◆ **WHAT THE TASK ASKS**
An exact reproduction is needed of every line from the beginning of the data down to and including the line that contains "Vom Adlerspielplatz aus", minus the pictures.

◆ **DATA SHOWN**
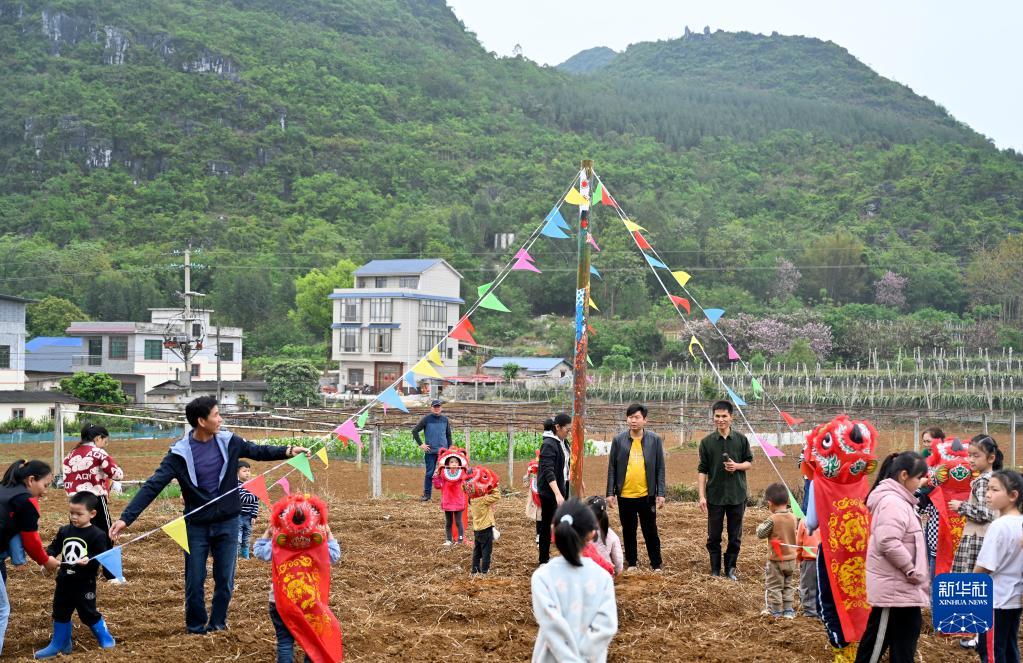 4月1日,在柳江區(qū)進(jìn)德鎮(zhèn)龍新村龍朝屯,小朋友在家長陪同下立起豐收柱。
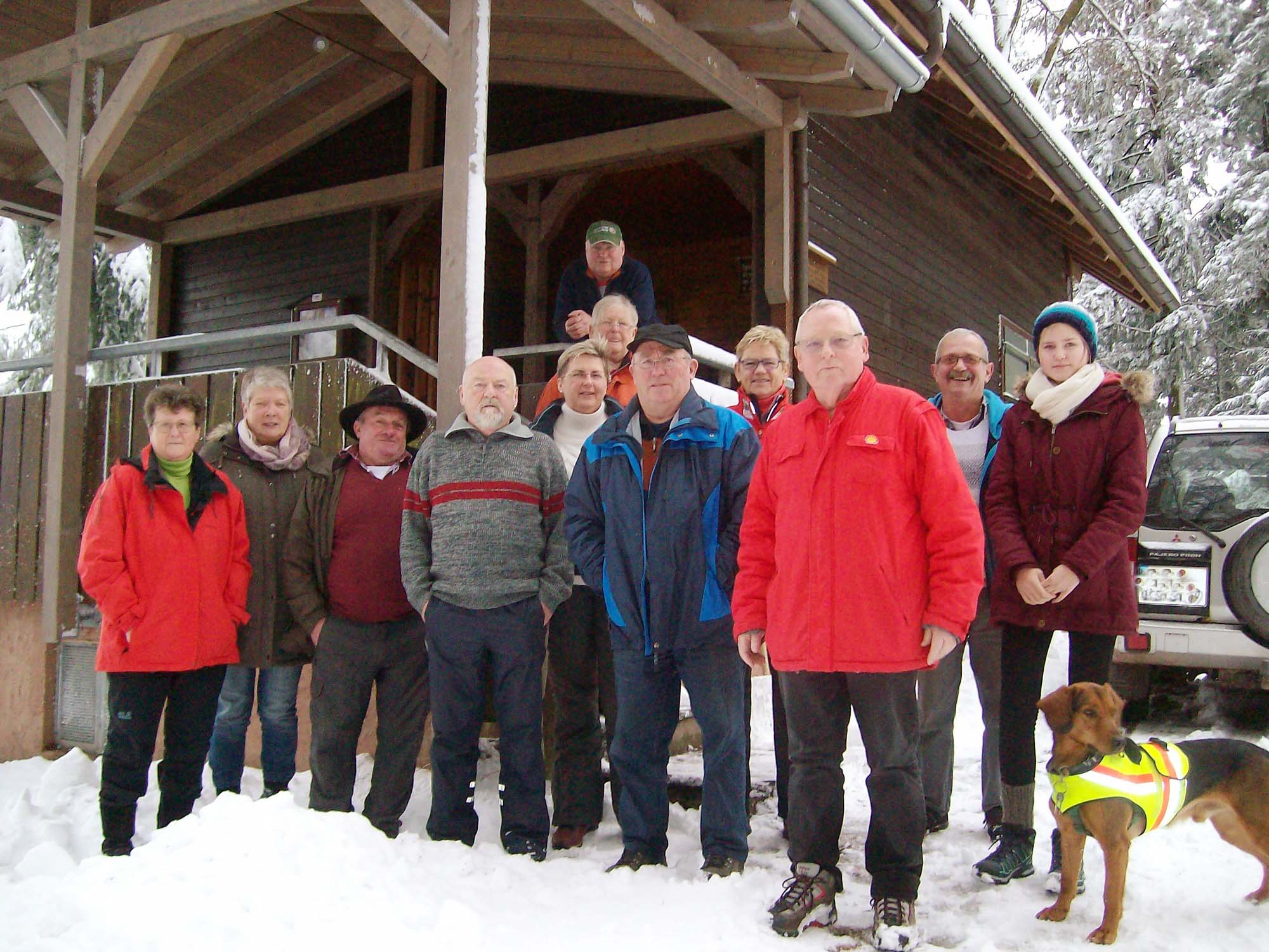 Vom Adlerspielplatz aus ging es Richtung Eckwaldpavillon, danach beim Eckbauern vorbei dem Wald entgegen. Nach etwa sieben Kilometern, wozu eine Zeit von zwei Stunden gewandert wurde, erreichte man durch die frisch verschneite Landschaft das angestrebte Ziel, die vereinseigene Kuhhornkopfhütte.
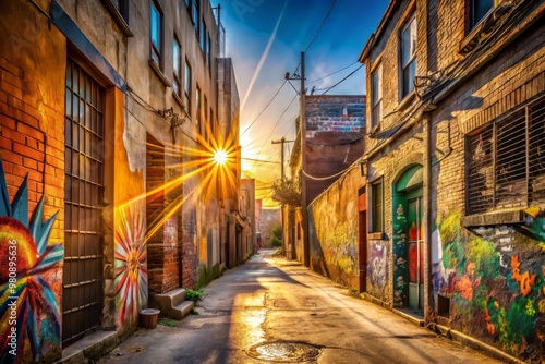 © Sandra, Fototapeta premium W spalonej słońcem alejce wyblakła Nolana rozkwita pośród żywej mozaiki graffiti, jej delikatne płatki

◆ **WRITTEN ANSWER**
 4月1日,在柳江區(qū)進(jìn)德鎮(zhèn)龍新村龍朝屯,小朋友在家長陪同下立起豐收柱。
 Vom Adlerspielplatz aus ging es Richtung Eckwaldpavillon, danach beim Eckbauern vorbei dem Wald entgegen. Nach etwa sieben Kilometern, wozu eine Zeit von zwei Stunden gewandert wurde, erreichte man durch die frisch verschneite Landschaft das angestrebte Ziel, die vereinseigene Kuhhornkopfhütte.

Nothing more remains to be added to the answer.